Different output on running same test data and same model

I trained a model for sequence to sequence labeling purpose. After training, I saved using save_dict function. To test I load the model and its states and then turn it to eval mode using model.eval(). After that I run the same model on same set of input and get different results everytime. I am attaching code snippet and outputs for reference. Kindly help

selection_summ=SentenceSelectionSumm(emb_dim,vocab_size,conv_hidden,lstm_hidden,lstm_layer,bool(1),embedding_weights).to(device)
PATH="/group-volume/orc_srib/abhi3.singh/wikihow/model/extractor/ckpt-30000-4"
selection_summ.load_state_dict(torch.load(PATH))
selection_summ.eval()
for batch in val_loader:

    b=prepro_fn(50,10,batch)
    b_c=batch_converter(b)

    batchify_out=batchify(b_c)

    out=selection_summ.forward(batchify_out[0][0],batchify_out[0][1],batchify_out[1])
    print(out.size())
    print(batchify_out[1][0][1])
    print(torch.round(out.squeeze())[0])
    
    break

Output on 1st run
image
Output on 2nd run
image

My model function

class SentenceSelectionSumm(nn.Module):
    def __init__(self,emb_dim,vocab_size,conv_hidden,lstm_hidden,lstm_layer,bidirectional,embedding,dropout=0.2):
        super().__init__()
        self._sent_enc=ConvSentEncoder(vocab_size,emb_dim,conv_hidden,dropout,embedding)
        self.bi_lstm_enc=LSTMEncoder(3*conv_hidden,lstm_hidden,lstm_layer,dropout=dropout,bidirectional=bidirectional)
        self.lin_2=nn.Linear(10,1)
        self.lin_1=nn.Linear(self.bi_lstm_enc.hidden_size*(2 if self.bi_lstm_enc.bidirectional else 1),10)
    def forward(self,article_sents,sent_nums,target):
        enc_out=self._encode(article_sents,sent_nums)
        linear_sigmoid_out=self.linear_out(enc_out)
        return linear_sigmoid_out
    def _encode(self,article_sents,sent_nums):
        if sent_nums is None:
            enc_sent=self._sent_encode(article_sents[0]).unsqueeze(0)
        else:
            max_n=max(sent_nums)
            enc_sents=[self._sent_enc(art_sent) for art_sent in article_sents]
            def zero(n,device):
                z=torch.zeros(n,self.bi_lstm_enc.input_size).to(device)
                return z
            enc_sent=torch.stack([torch.cat([s,zero(max_n-n,s.device)],dim=0)
                                 if n!=max_n
                                 else s
                                 for s,n in zip(enc_sents,sent_nums)],
                                dim=0
                                )
            lstm_out=self.bi_lstm_enc(enc_sent,sent_nums)
            return lstm_out
    def linear_out(self,enc_out):
#         enc_out=enc_out.to(device)
        
        lin_1_out=self.lin_1(enc_out)
        
        lin_2_out=torch.sigmoid(self.lin_2(lin_1_out))
        return lin_2_out
def loss_fun(output,target,pad_idx=-1.0):
    assert output.size()[:-1]==target.size()
    target=target.view(output.size()).to(torch.float)
    mask=target!=-1.0
    masked_target=target.masked_select(mask)
    masked_out=output.masked_select(mask)
    loss=binary_cross_loss(masked_out,masked_target)
    return loss
def save_model(model,path,step,epoch):
    name='ckpt-{}-{}'.format(step,epoch)
    
    torch.save(model.state_dict(),join(path,name))

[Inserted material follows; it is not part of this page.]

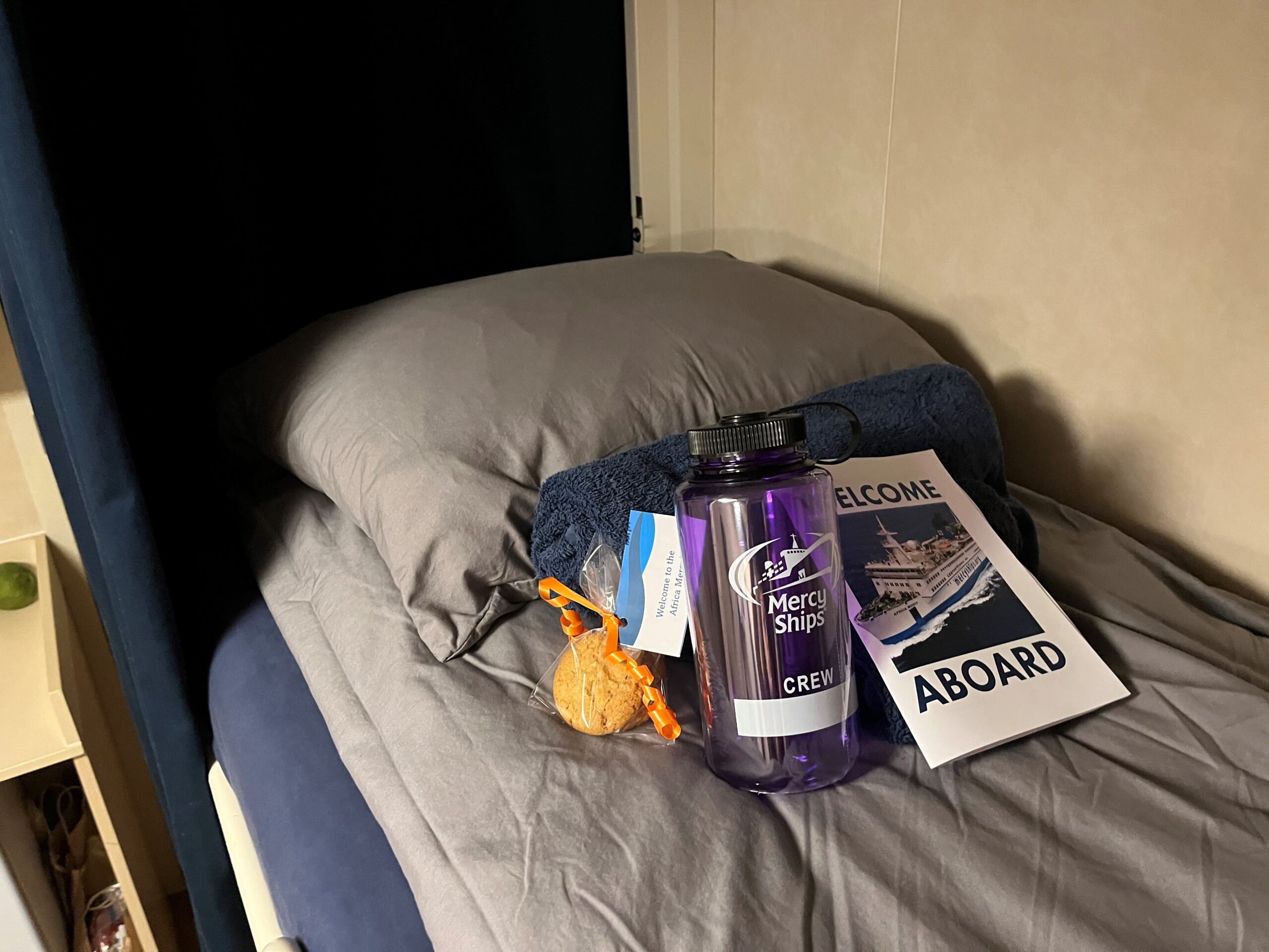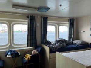 En zo reed ik vanmorgen naar het schip, wat ontzettend bijzonder om die in het echt te zien en er vanaf nu ook deel van te zijn. Alles was goed doorgegeven en na een foto voor op mijn crew badge was het op naar de Crew Clinic. Naast een onverklaarbare hoge hartslag (zal wel enthousiasme zijn) was er niks te vinden, gelukkig. Dus kon ik weer meedoen met de introductie voor de nieuwe crew. Dat was toch een beetje veel en dus ben ik toen ik eenmaal in m’n eigen cabin aankwam gelijk in bed gaan liggen. Ik slaap in een vierpersoonscabin en mijn roommates waren super aardig en behulpzaam. Ik heb een paar uur geslapen, dus heb al aan m’n nieuwe bed kunnen wennen. Toen iemand van de Hospitality kwam vragen of alles goed ging en of ik wat te eten wilde, moest ik

Could you remove the round operation and check the out tensor directly?
Since you might not use deterministic algorithms, it would be interesting to see if small numerical errors could move the rounded output.

Thanks @ptrblck , for helping. I just figured out my mistake. I was using nn.Functional.Droput inplace of nn.Dropout where I have to exclusively set Dropout to False along with model.eval().